Augmenting Noble’s remarks, Deckett said the training was actually the culmination of more than a year of work, including meetings, discussions, small scale scenarios and more. “So, we have been gaining information and training over the entire year, but this full scale exercise is where we put it all together, with all agencies participating.”
According to Deckett, first responder agencies never know what type of emergency calls they will face. “When a person dials 911, we must respond, and know how to handle that emergency. By training, reviewing, discussing, and training again, we put ‘mental markers’ in our brain so in the event of a real call, we automatically put a plan into action.”
Similar comments were made by Ferguson, who shared that all of the sworn TPA personnel, including himself, participated in the drill.
“I think the drill was a great success and our staff gained a lot of valuable information. We have participated in drills that practiced only the entry and tactical aspects of stopping an active shooter. Leading up to this drill we expanded that to include how fire and EMS would assist in the response,” he stated.
“This drill really makes individual agencies contemplate what roles the other agencies and disciplines are tasked with which makes us all work better together,” he continued.
Ferguson also gave credit to Perrera, saying he was the one who initiated the regular meeting of representatives from all five school districts in Iosco County, law enforcement, EMS, fire and the hospital, as well as other disciplines that complement these agencies.
“From those meeting there have been several significant advancements at several schools in the County including many security measures and procedure updates,” according to Ferguson. “It also resulted in the training I mentioned earlier which was needed to get all first responders up to speed and ready for this drill.”
Ferguson said he has been part of other groups which have discussed similar ideas, but that nothing actually happened until Perrera stepped up and initiated the meetings.
Ferguson also praised those from the MSP, saying this agency took on the huge task of orchestrating the training and scenarios.
Iosco County Sheriff Allan MacGregor said there were four members of his department who participated in the latest drills, and that staff has undergone similar training in the past.
He noted that, in smaller areas, all agencies have to work together as a team.
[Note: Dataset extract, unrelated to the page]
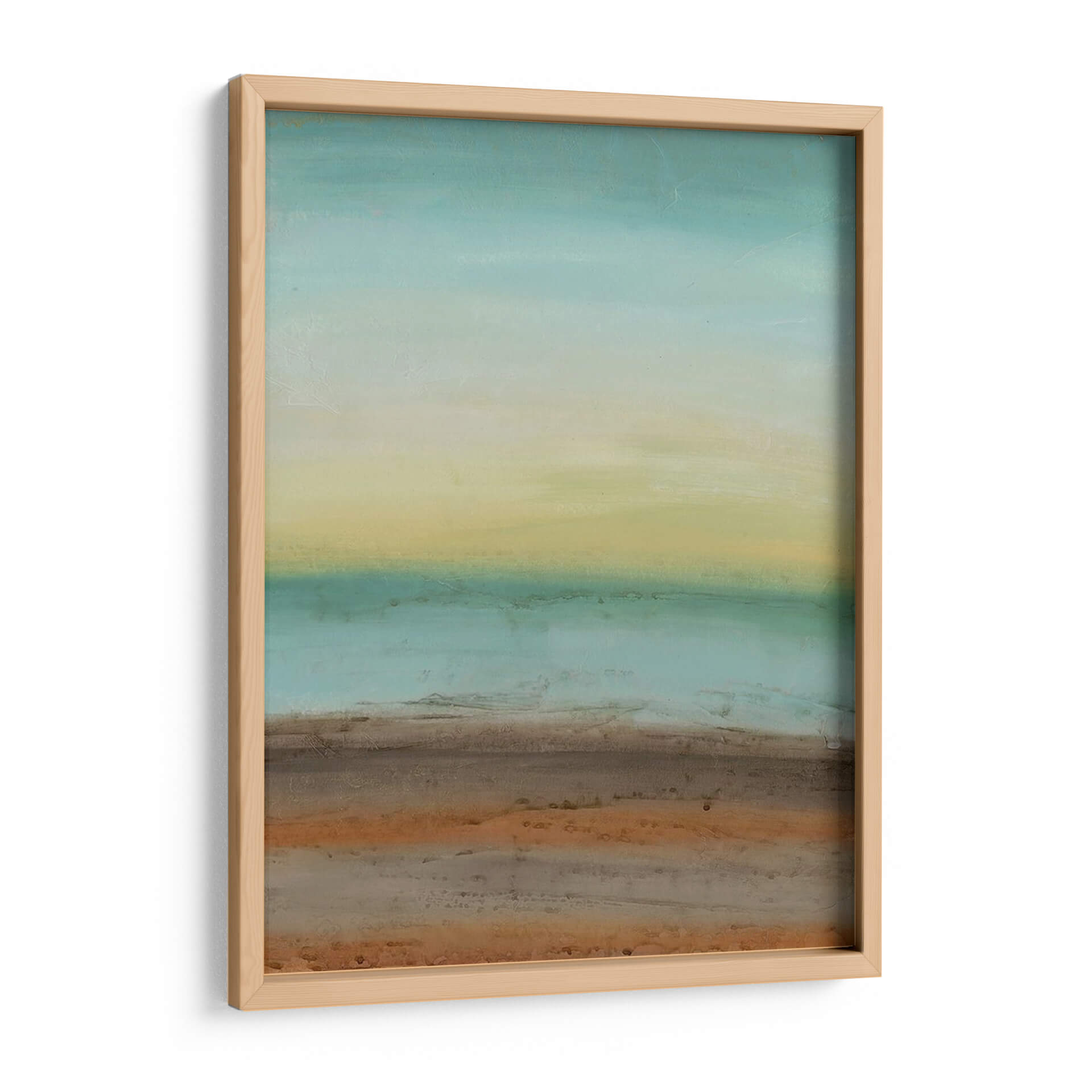 Sumérgete en la tranquilidad costera con "Seaside Serenity II" de June Erica Vess, una obra de arte abstracto que captura la esencia de la serenidad del mar. Esta pieza evoca la calma de un atardecer en la playa con sus delicadas capas de color. Los tonos celestes y amarillos pálidos se funden suavemente, simulando el cielo al anochecer, mientras que una banda de azul verdoso profundo representa las aguas serenas del océano. La parte inferior de la obra se adorna con texturas terrosas en tonos marrones y ocres, evocando la arena y las rocas bañadas por el mar. La composición, con sus horizontes suaves y la ausencia de formas definidas, invita a la contemplación y la relajación. "Seaside Serenity II" es ideal para añadir un toque de paz y sofisticación a cualquier espacio, ya sea un dormitorio, un estudio o una sala de estar. Este cuadro decorativo abstracto es perfecto para quienes buscan una conexión con la naturaleza y un refugio visual de la vida cotidiana. Su estilo contemporáneo y su paleta de colores armoniosa lo convierten en una adición versátil y elegante a tu decoración.

Training events such as the one at TAHS help EMS and fire department members learn about additional ways that they can assist law enforcement in such situations.
MacGregor said the public should know that all of the responders throughout Iosco County are conscious of the possibility of an active shooter – and should find comfort in the fact that, if this were to occur locally, the departments have been trained for this possibility.